June 23, 2007
WTF, Deli Guy?
I just got back from a quick trip to the grocery store to pick up a couple of things from the deli for dinner tonight. I walked in and they were sparsely busy, with people running here and there doing odds and ends before the afternoon crowds hit. I walked up to the counter and an older Hispanic woman greeted me. I asked for a pound of potato salad and fried chicken, and she smiled, nodded, grabbed a spoon, and started shoveling chicken salad into a container. I politely stopped her and said, "Sorry, I meant a pound of potato salad." She smiled again, nodded, scooped out half of the container, and held it up for my approval. I smiled, shook my head, and finally said in Spanish(keep in mind, the rest of the conversation with her was in Spanish), "No ma'am, I was asking for a pound of potato salad and an order of chicken." "Ohhhh!" she exclaimed, followed by rapid apologies.
I told her that it was fine, that I was sure that they were getting ready for a big afternoon crowd, and she laughed and agreed, slapped a sticker on the plastic container of potato salad...and walked off. I said, "Senora?

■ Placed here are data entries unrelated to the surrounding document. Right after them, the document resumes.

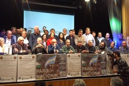 "Este frente sindical es el fruto de la coherencia de los últimos años, seguimos el espíritu de lucha contra las políticas económicas de este modelo. Ratificamos el paro del 1 de mayo y profundizaremos nuestra pelea contra el Gobierno", advirtió Pablo Moyano, del gremio de Camioneros, quien agregó que "este gobierno tiene fecha de vencimiento, y es en octubre próximo con las elecciones".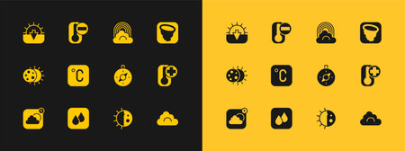Set Tornado Water drop Compass Day night cycle Celsius Rainbow with cloud Sunset and Thermometer icon. Vector.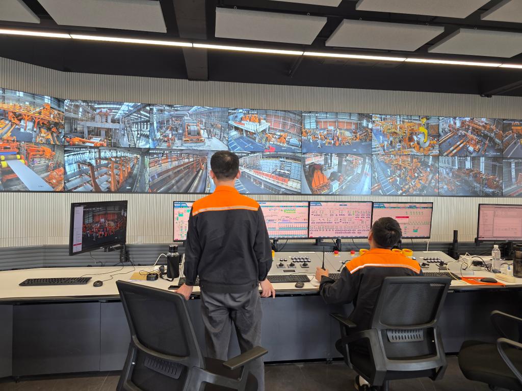 不同于傳統印象中“火花四濺、熱浪襲人”的生產場景,在這個整潔有序、高度智能化的現代車間,偌大的工廠里只有幾個工人在操作設備,中控室的巨幅屏幕上各類數據實時跳動,生產流程全貌清晰展現?!捌髽I從2021年持續推進智能化改造,引入人工智能大模型,不但生產效率高了一大截,工人們也都變成了穿戴整潔的操作員?!惫究偛猛跷妮x說。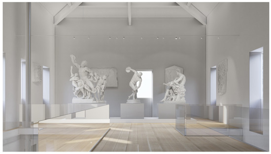 Although the oldest evidence of plaster casts that have come down to us, produced mostly from bronze and marble originals, attest to the widespread practice of copying since the classical era (just think of the important discovery of casts from the Roman era in Baia) [4] with both educational purposes, as in Athens, and decorative, as in Rome, the plaster cast gallery—intended as a teaching laboratory designated to the knowledge of the ancient, the artistic exercise and the study of statues—was established only in the Renaissance period [5]. In fact, the first collections of plaster casts could be found in the workshops of the wealthiest artisans and in the artists’ ateliers rather than in the royal courts. Only after the formation of the first Academies of Drawing (Florence in 1562, Perugia in 1573 and Rome in 1577) these sculptures begun to be conserved in special rooms called Sala dei Gessi or Sala delle Statue, later identified as plaster cast galleries [5]. Between the eighteenth and nineteenth centuries, the undisputed protagonist of the proliferation of plaster cast galleries in Italy was Antonio Canova who, as minister plenipotentiary of Pope Pius VII, contributed in particular to the growth of the collections of the academies in the papal territory, orienting trends in the relative spheres of influence. Canova, as choral director of the plaster casts galleries, had a decisive influence on their teaching role, so much so that his cultural policy spread to Umbria (an Italian region that the sculptor frequented assiduously as the owner of a summer residence in Sangemini) and in particular to Perugia, where he was a member emeritus of the Academy of Fine Arts [6]. It is no coincidence that even today, among the boasts of the Umbrian capital, from a historical and cultural perspective, the three collections owned by the main institutes of high education occupy an eminent position: Academy of Fine Arts “Pietro Vannucci”, University for Foreigners, University of Perugia. In addition to the two plaster cast galleries set up in the former convent of San Francesco al Prato and in palazzo Pontani they represent a significant historical-artistic heritage. Respectively, in the former convent of San Francesco al Prato is preserved the collection of the Academy (grown in number, over the centuries, from the four Michelangelo casts imported by Vincenzo Danti) [7] and in palazzo Pontani the collection of the University of Perugia (formed from an initial nucleus of a few Greco-Roman units and organized as a scientific cabinet by the Etruscologist Filippo Magi between 1960 and 1975), is kept [8]. However, although the plaster casts gallery of the “Pietro Vannucci” Academy of Fine Arts was renovated according to the project of the architect Fabio Mongelli following the structural lesions caused by the disastrous earthquake of 1997, the plaster casts gallery of the University of Perugia, despite hosting works that have recently undergone a meticulous intervention of restoration, does not yet present an iconic exhibition environment at the height of the patrimonial value of the collection itself. This is both due to the difficult accessibility and the small size of the current spaces that prevent an adequate museal set-up.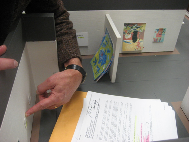 Harry and Mardy came down the other day and we went into the very interesting basement/storage/work area of the museum. David has built models of all the galleries which makes planning the shows a bit easier. This was a chance for Harry and Mardy to begin to really visualize how the show will look in January when it goes up. Here Roger explains the layout as he envisions it: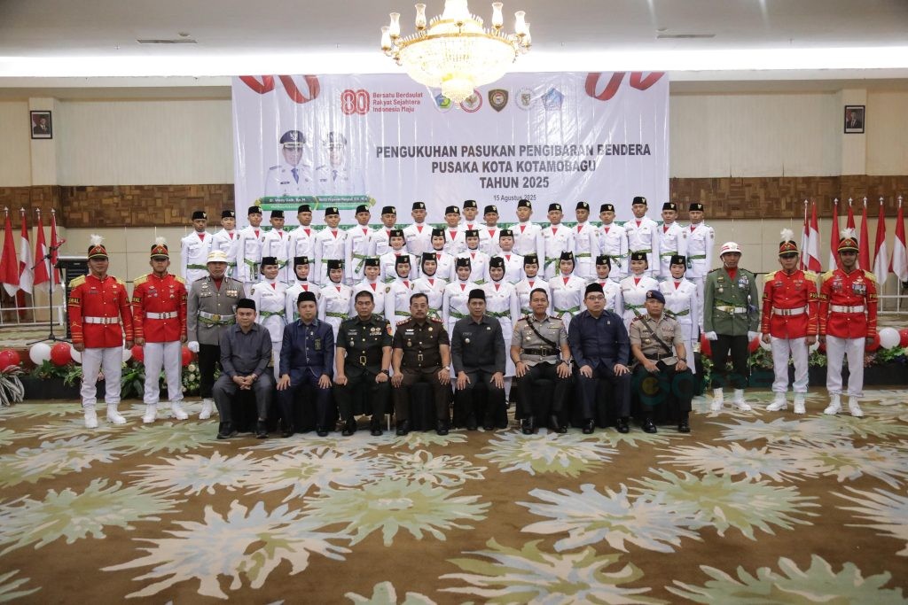Dengan pengukuhan ini, para anggota Paskibraka resmi mengemban amanah sebagai pengibar duplikat Sang Saka Merah Putih pada Upacara Peringatan HUT ke-80 Kemerdekaan RI di Kota Kotamobagu. (ADVE)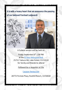 Our beloved Farshad Ladjavardi, A loving husband, father, & brother was born Feb 13, 1960, in Tehran and was the first child of Oscar & Farah Ladjavardi. He was very smart and great in math and science. A very humble and kind. His cousins loved him the most. He was a top student during his H.S. time and graduated with honors. He attended the prestigious Sharif University of Technology in 1977 and obtained his undergrad and Master’s degrees in Mechanical Engineering. He worked in the auto and aerospace industry for a few years after graduation. During his tenure, he contributed a few great designs in the auto industry before moving to the USA in 1994.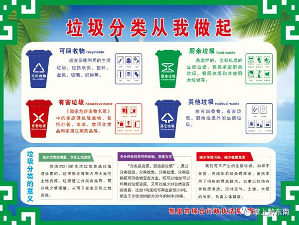 近年來中央、省、州相繼出臺文件推行垃圾分類工作,凱里市也于2019年11月、12月出臺了《凱里市垃圾分類工作方案》和《凱里市垃圾分類考核暫行辦法》,目的就是引領(lǐng)市民自覺投入到垃圾分類工作中來,讓我們的生活環(huán)境更優(yōu)美、更潔凈,生活質(zhì)量得到提升,幸福指數(shù)更高,獲得感更強。
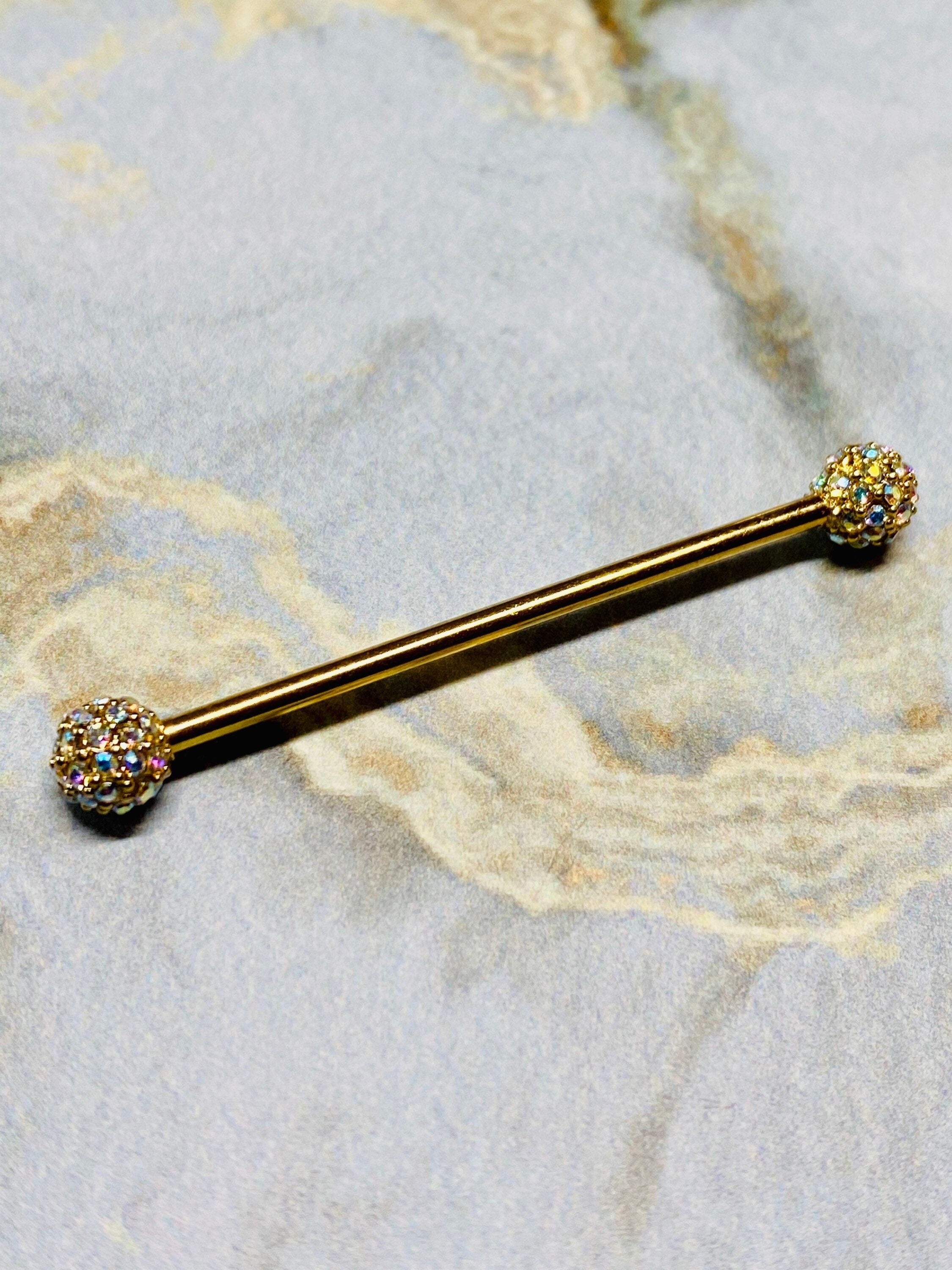 14G full aurora borealis cluster diamonds balls industrial barbell. Simple and sparkling.

I also wanted to get an order of chicken, please." She came back, apologizing again, and snatched up a pair of tongs and a plastic container.

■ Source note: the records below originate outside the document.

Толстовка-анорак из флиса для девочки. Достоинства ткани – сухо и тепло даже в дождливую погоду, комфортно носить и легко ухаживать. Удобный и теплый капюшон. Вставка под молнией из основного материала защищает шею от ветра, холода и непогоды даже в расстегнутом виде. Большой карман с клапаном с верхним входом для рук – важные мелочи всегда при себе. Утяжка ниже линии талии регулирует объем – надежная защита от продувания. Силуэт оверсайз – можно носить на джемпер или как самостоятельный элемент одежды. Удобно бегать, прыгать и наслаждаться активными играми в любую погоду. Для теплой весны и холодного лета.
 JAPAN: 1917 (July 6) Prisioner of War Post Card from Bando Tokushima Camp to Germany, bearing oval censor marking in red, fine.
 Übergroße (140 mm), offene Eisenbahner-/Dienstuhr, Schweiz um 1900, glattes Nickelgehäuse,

People started gathering around to place orders, so I figured I'd make it quick. I pointed to a young girl behind the counter who was placing freshly-cooked pieces of chicken into containers, sealing them off, and labeling them, and said, "I'll take one of those, if you don't mind." I seriously could not have been any more polite to this woman the entire time short of stepping behind the counter, dropping her pants, and tossing her salad in an act of completely servile gratitude.
She turned to a younger guy behind her and asked him something, and he walked up to the counter and snapped at me in English: "THEY'RE $5.99." I tried to mask my "what the fuck" face and said, "...I know that." We matched a stare, and he snarled "THERE'S ALSO CHICKEN IN THE CASE BEHIND YOU."
"I know that, but I would like one of the orders that's already put together with freshly-made chicken, if that's okay."
Now mind you, all he had to do was just reach over, pick up the goddamn container, and hand it to me, and the whole scenario would have been said and done in a matter of three-five seconds, but no. He stood there, sour-faced, and barked "THE CHICKEN IS MADE FRESH EVERY 45 MINUTES."
I finally thought, 'You know what? Screw this guy.'
"Well, sir, if I wanted something that's been sitting in the case for who knows how long, then I would have picked it out of the FUCKING case then, wouldn't I?"
The people who had gathered to order snapped their heads in our direction and got really quiet.
The guy's eyes widened to the size of dinner plates. He reached over, picked up a container of chicken, and handed it to me.
I kept the same glare that he had afforded me from the beginning of our conversation, growled "Thank you, sir, and have a great day", and walked off.
Having worked in a deli before, I know it can be frustrating. Try working at a decent Italian bistro frequented by wealthy Westside yuppie-types and then come be a dick to me over fried fucking chicken, dude.